According to Paul and Elder (2006), the utilitarian approach is a clear method of determining the best possibilities for all involved. Which includes balancing pleasure over pain for everyone. Using their arguments, it is better to maximize equality between the lady and her foetus, in view of her severe pain, to proceed and perform a blood transfusion and emergency surgery. It is assumed that with the later, the patient after recovering will console and reconcile her moral stand with her predicament. The doctors thus have the moral right to override the lady's refusal to receive a blood transfusion (Asgay and Ramin, 2013).

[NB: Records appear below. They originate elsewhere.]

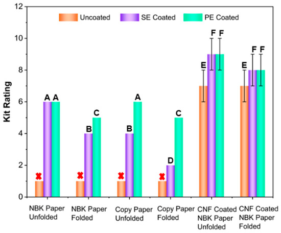 Kit ratings of uncoated, SE-coated, and PE-coated NBK, copy, and CNF-coated NBK papers under unfolded and folded conditions. Five measurements were performed for each condition, and all standard deviations were zero except for the CNF-coated NBK paper. Different letters (A–F) indicate significant statistical differences by Tukey’s test (p < 0.05), and the cross symbol indicates no oil resistance (kit rating = 0).
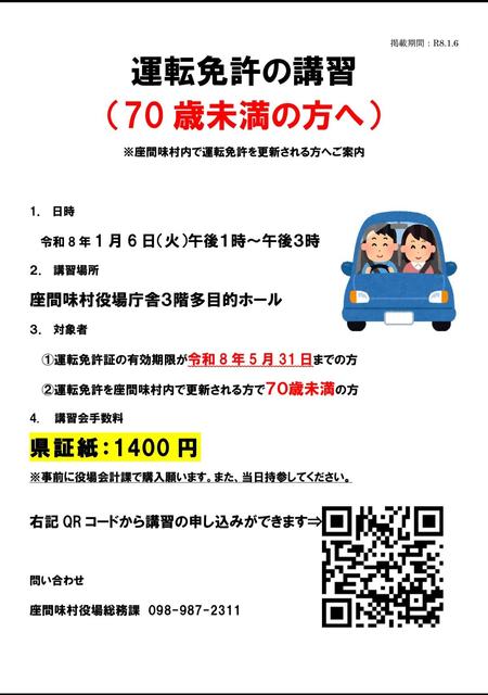 令和8年1月6日(火曜日)運転免許講習会を実施します。
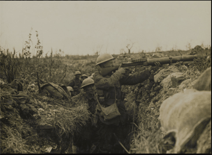 Later in the war, Neville was trained to become a Lewis gunner. A Lewis gun was an early light machine gun. In 1915 each battalion only had 4 such guns, but by 1917 each infantry section had its own gunner and backup, totaling 46 guns per battalion. Each Lewis gun required a team of two gunners: one to fire and one to carry ammunition and reload. All of the members of an infantry platoon would be trained in the use of the Lewis gun so that they could take over if the usual gunners were killed or wounded.
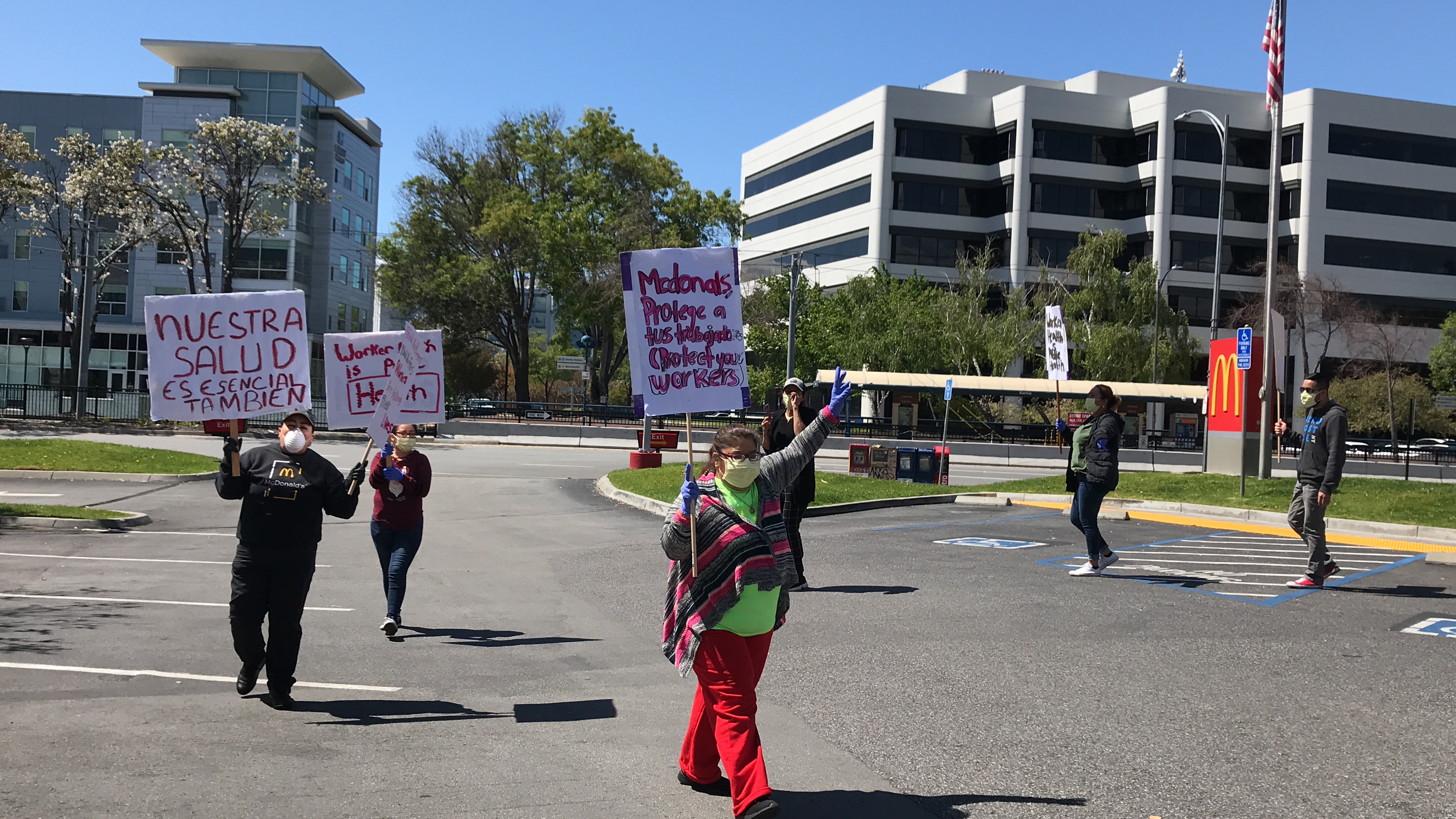 On April 9, McDonald’s employees demonstrated by driving their cars in a manner to disrupt the fast food company’s business at three San Francisco Bay Area locations. They are demanding that the fast food chain give workers masks, gloves and a $3 an hour pay increase.

Still using Paul and Elders (date) argument which supports the judgment to override the patient’s refusal to receive a blood transfusion. The principles of non-maleficence and beneficence is linked with utilitarianism. The principle of non-maleficence requires a doctor to avoid harm where possible, hence withholding a proven beneficial treatment would likely have the effect of producing harm. On the other hand, the principle of Beneficence which promotes the maximization of benefits and minimization of harm is useful in supporting the argument to override the patient's refusal to blood transfusion based on the premise that a blood transfusion would be more beneficial as her life could have been saved. However, as argued by Gillion (2000) and Rodrigo (2016), doctors may accept to forcefully administer blood transfusion on a dissenting patient to save his/her life. To the interest of such patient, this, may not always be the best interest to the patient, as overriding the decision of the patient may lead to far cases of depression resulting from the feeling of guilt by the patient, the situation may even go worse as she may be alienated from her church as going against the rules of her religion. Also, they may lose acceptance from her friends and family causing physiological trauma, which may lead to deterioration of her health. Thus, overriding a patient’s decision to refuse blood transfusion based on religious reasons may not be in their best interest.